Therefore first method non-convergence problem occurred owing to used multilayer perceptron in adding concentrator marker (tagger).In order to overcome this intrinsic problem, we have developed a kind of minimum-maximum module (M 3) neural network (referring to list of references [4]).
List of references [4]: Lu, B.L. and Ito, M.:Task decomposition and modulecombination based on class relation; A modular neural network forpattern classification, IEEE Trans.Neual Networks, No. the 5th, the 10th volume, 1244-1256 page or leaf, 1999.
This network is the network that is used for large-scale, complicated problems are decomposed into a plurality of smaller comparatively speaking and more simple subproblems (referring to list of references [5]).
List of references [5]: Lu, B.L., Ma, Q., Isahara, H. and Ichikawa, M.:Efficient part-of-speech tagging with a min-max module neuralnetwork model, to appear in Applied Intelligence, 2001.
As second kind of method that in collected works, detects mistake, can adopt the POS error-detecting method.The invention provides a kind of error-detecting method, next will describe this method that how to realize in detail as this method.

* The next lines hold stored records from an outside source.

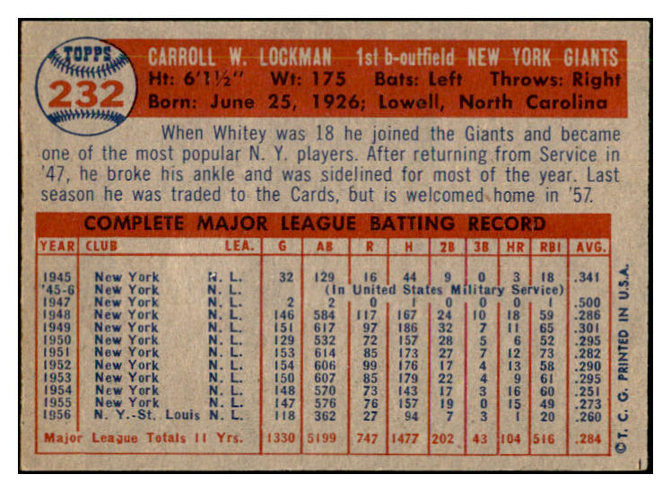 1957 Topps Baseball #232 Whitey Lockman Giants EX-MT 535487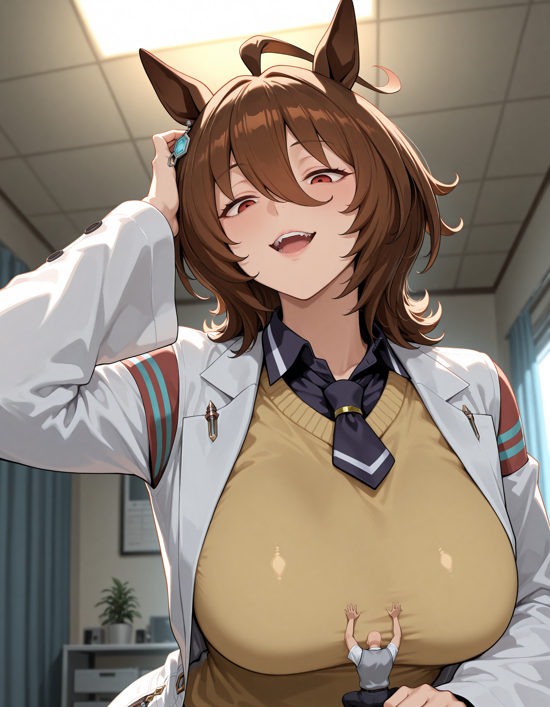 >>11435061Excuse the crude inpainting job, but here's Nagatoro showing her shrunken senpai this cool new foreigner anon she just met.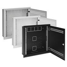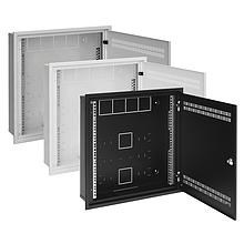 Rozvádzač SOHO LC-18 na stenu s lištami 2U, 4U a 11U, 550x550 čierna RAL9005 s rámčekom na zazdení

Owing to often is indefinite, so must be with reference to context to these words make an explanation (sign) with regard to the POS word.No matter this adopts automatic or manual method, and this sign work all can comprise mistake usually.
In artificial sign collected works POS, mainly contain following three types mistake: easy bugs (for example, POS " Verb " is input as " Varb "); Inaccurate knowledge mistake (for example, word " fly " often is identified as " verb "); And inconsistent mistake (for example " like " in sentence " Time flies like an arrow " by correct being designated " preposition ", and be identified as " verb " at sentence " The one like him is welcome ").

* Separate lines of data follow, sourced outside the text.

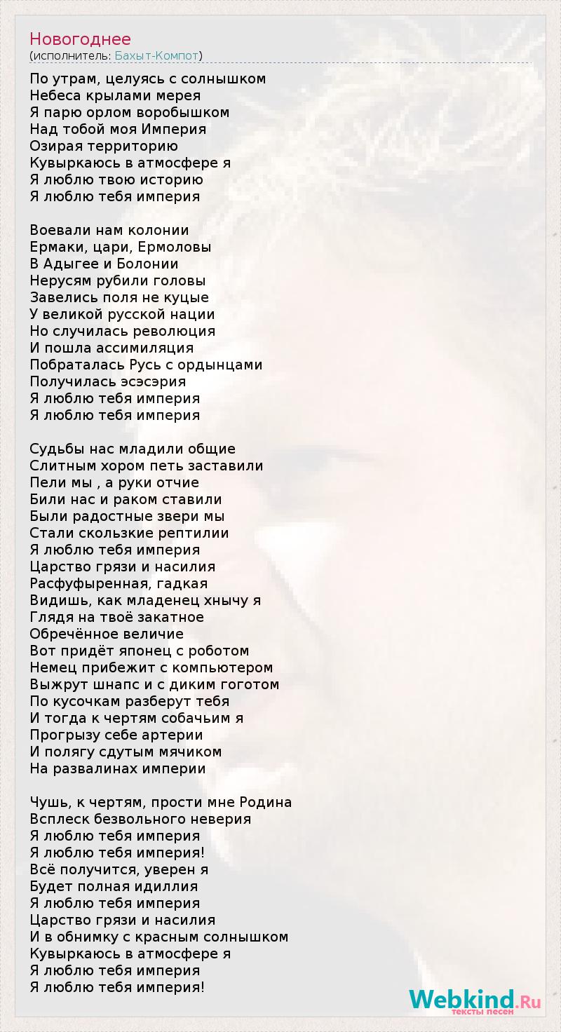 По утрам, целуясь с солнышком Небеса крылами мерея Я парю орлом воробышком Над тобой моя Империя Озирая территорию Кувыркаюсь в атмосфере я Я люблю твою историю Я люблю тебя империя Воевали нам колонии Ермаки, цари, Ермоловы В Адыгее и Болонии Нерусям рубили головы Завелись поля не куцые У великой русской нации Но случилась революция И пошла ассимиляция Побраталась Русь с ордынцами Получилась эсэсэрия Я люблю тебя империя Я люблю тебя империя Судьбы нас младили общие Слитным хором петь заставили Пели мы , а руки отчие Били нас и раком ставили Были радостные звери мы Стали скользкие рептилии Я люблю тебя империя Царство грязи и насилия Расфуфыренная, гадкая Видишь, как младенец хнычу я Глядя на твоё закатное Обречённое величие Вот придёт японец с роботом Немец прибежит с компьютером Выжрут шнапс и с диким гоготом По кусочкам разберут тебя И тогда к чертям собачьим я Прогрызу себе артерии И полягу сдутым мячиком На развалинах империи Чушь, к чертям, прости мне Родина Всплеск безвольного неверия Я люблю тебя империя Я люблю тебя империя! Всё получится, уверен я Будет полная идиллия Я люблю тебя империя Царство грязи и насилия И в обнимку с красным солнышком Кувыркаюсь в атмосфере я Я люблю тебя империя Я люблю тебя империя!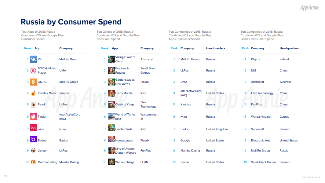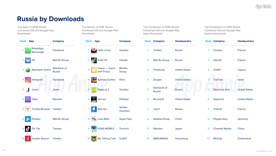 За прошлый год пользователи по всему миру совершили 194 млрд загрузок. В России самым популярным приложением по количеству скачивание в AppStore и Google Play стал мессенджер WhatsApp. За ним следуют «ВКонтакте», «Сбербанк Онлайн», Instagram и маркетплейс Joom. Согласно данным исследования, чаще всего пользователи скачивают приложения «Яндекса», Mail.Ru Group, приложения компании Facebook и Google.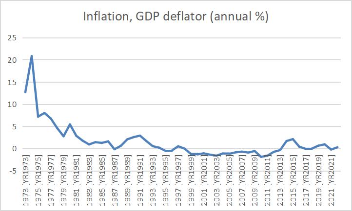 Japan's inflation rate was very high until 1975, and even reached over 20 in 1974. Japan's inflation rate remained low after 1981 and rose again in 1991 before falling. After 1994, Japan experienced negative inflation, that is, a situation of shrinking inflation. This continued for two decades until 2014, when the first positive inflation occurred.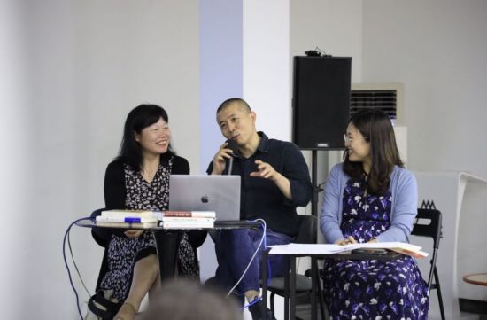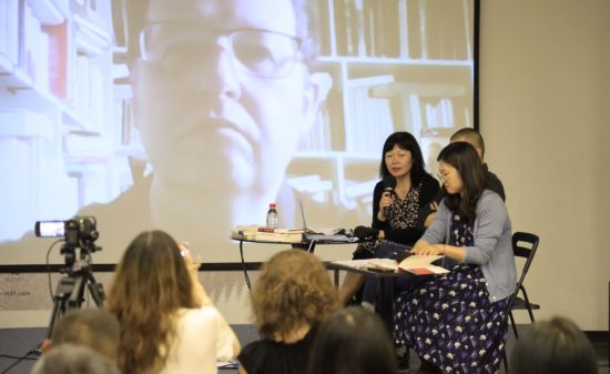 翻譯家黃葒(左)對(duì)談作家畢飛宇(中)

Easy bugs just can be detected easily by the reference dictionary.On the one hand, adopt automatic method may detect inaccurate knowledge mistake hardly.If with the word of correct POS sign be construed to be a classification problem or one based on context POS I/O word mapping problems, then this inconsistent mistake can be regarded as the set that an identical input/difference is exported (class) data.Therefore, the maximum-minimum module nerual network technique that can adopt the present invention to propose is handled this mistake.

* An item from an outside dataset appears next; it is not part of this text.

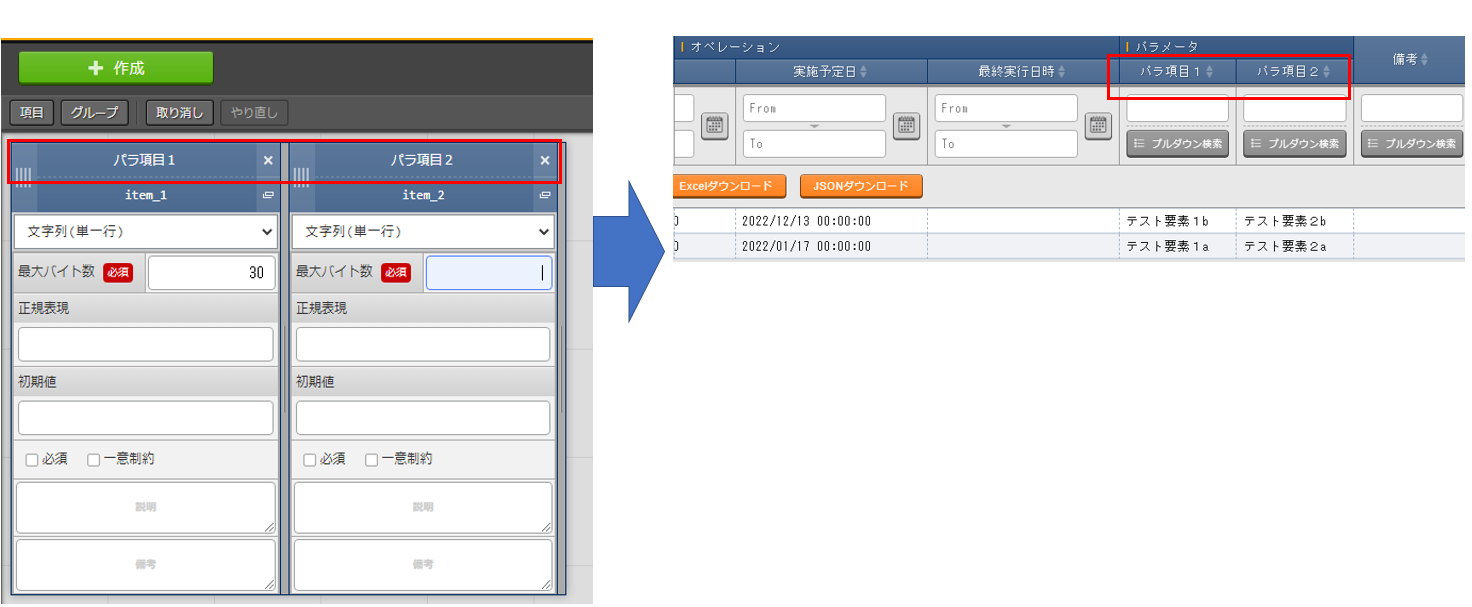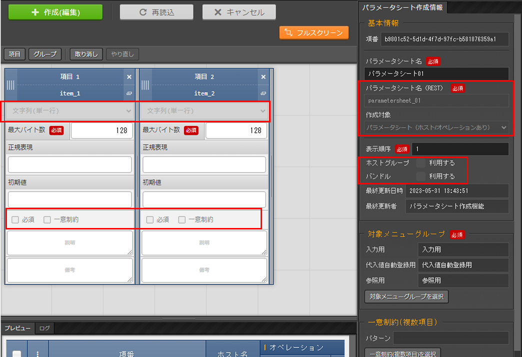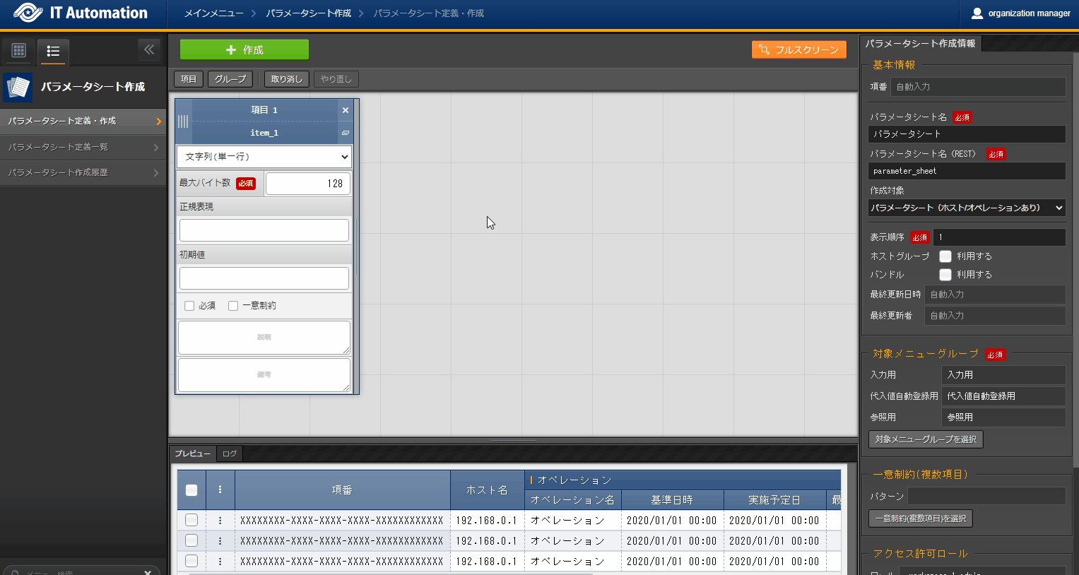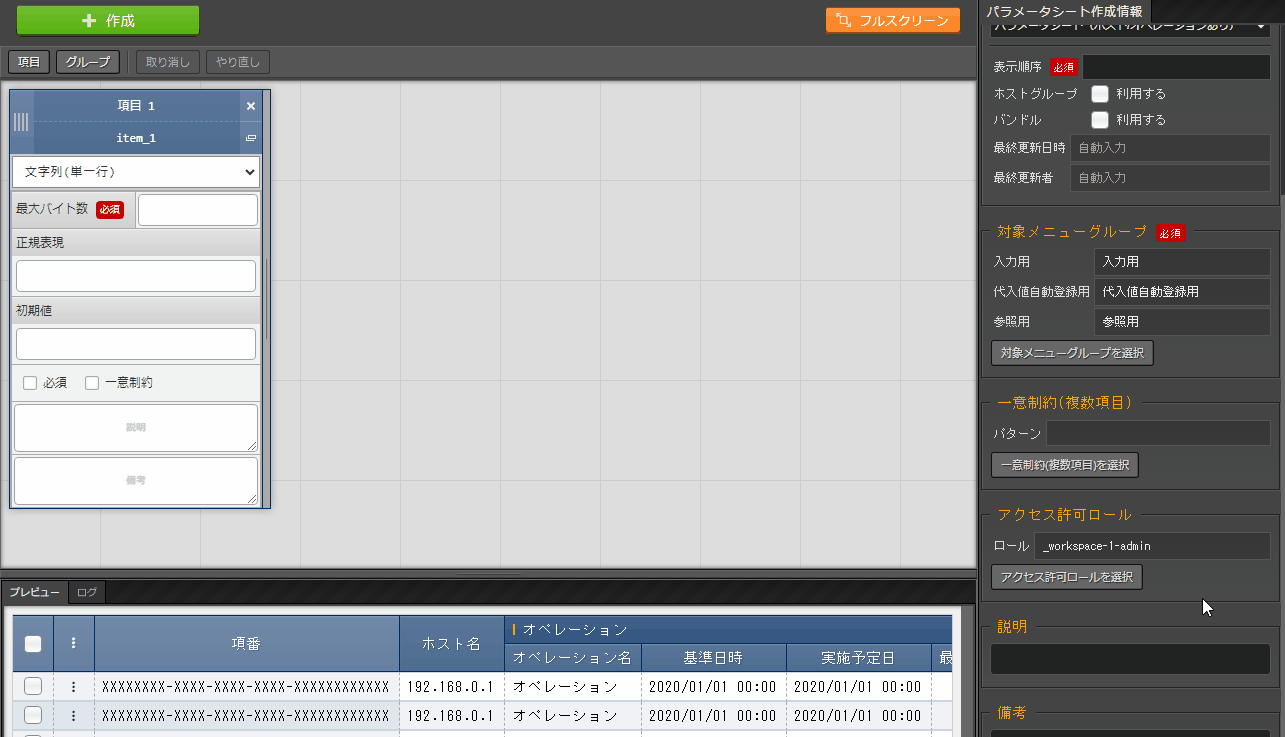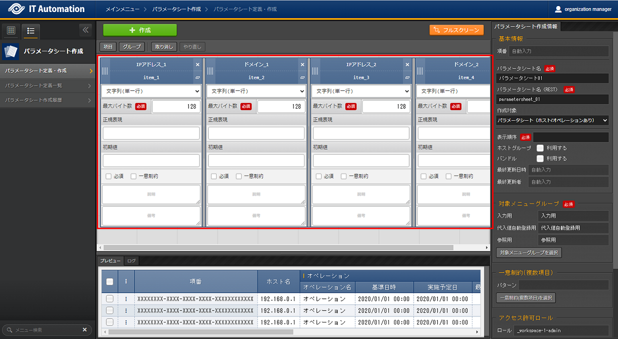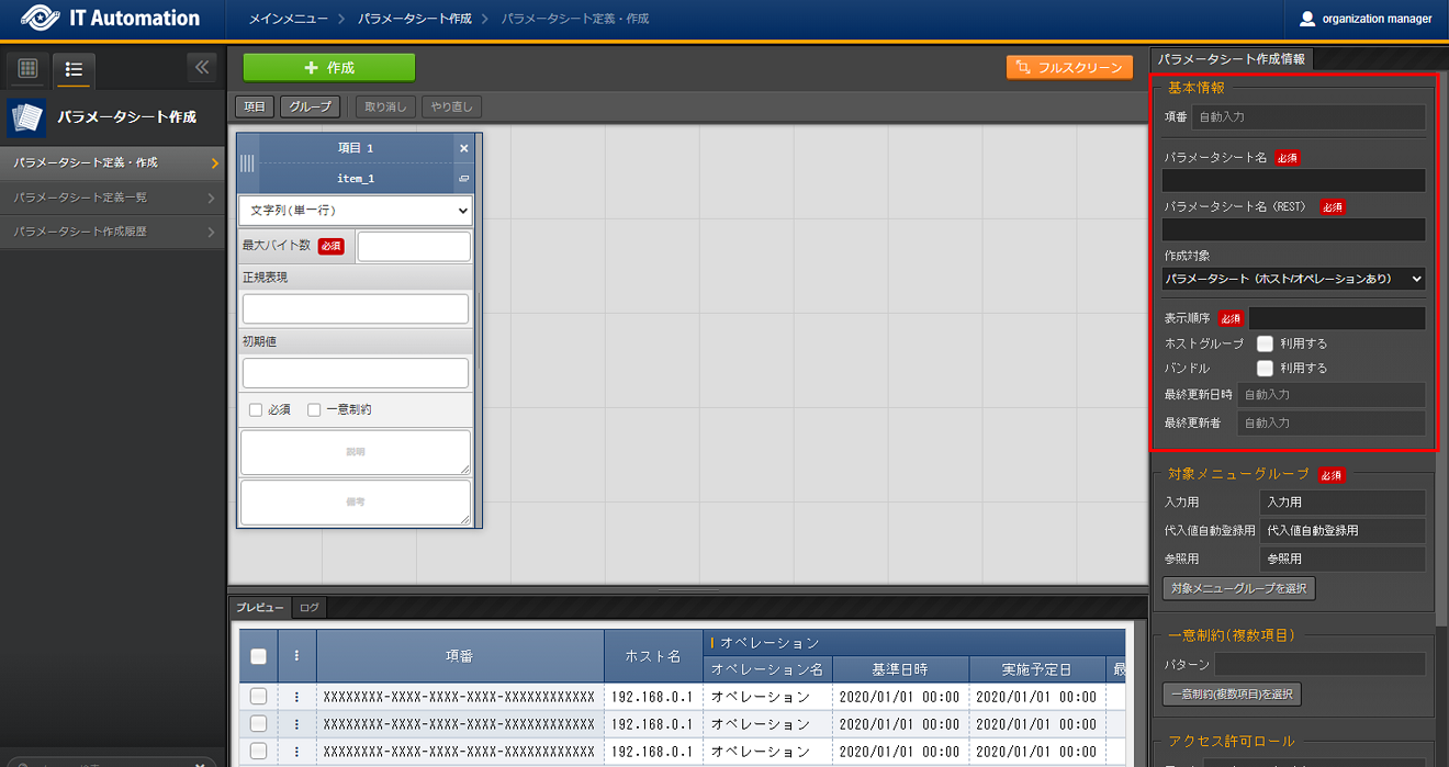 パラメータシートまたはデータシートとそれに紐づく項目を作成することが可能です。

This M 3Network is made of the module that is used for handling very simple minor issue.These modules can or not use the multilayer perceptron of hidden unit to constitute by very simple few use.
This just means in this module can not relate to non-convergence problem substantially.In other words, module convergence only, otherwise just think that this module of carrying out data study includes the mistake of inconsistent (contradiction) type.
Therefore, while detect when learning, perhaps non-convergence data extract is come out, when determining the inconsistent data in the learning object data acquisition, the mistake in this collected works that sign arranged is can be by online detected.When using the high-quality collected works, the quantity of non-convergence module is more limited than the quantity of convergence module, and the data acquisition (group) that each module is learnt is very little.As a result, this online error-detecting method has very big benefit, especially for large-scale collected works.
By using this online error-detecting method, only need between the learning period, to carry out simple manually-operated and just can improve the collected works quality greatly, and the new data after the correction can be used for training other non-convergence module again.
M 3The main points of network comprise: adopted the technology that large-scale, complicated K-class PROBLEM DECOMPOSITION is become a plurality of simpler, littler comparatively speaking subproblems, module solves this subproblem wherein by using separately independently, and has adopted these module combinations at one so that the technology of final solution is provided.
Make that T is the training set of K class classification problem,
Formula 1: T = { ( X l , Y l ) } l = 1 Li ,
X wherein lR nBe input vector, Y lR kBe the output of expectation, and L is the number of training data.General, K-class problem can be divided into (K/2) individual 2-class problem.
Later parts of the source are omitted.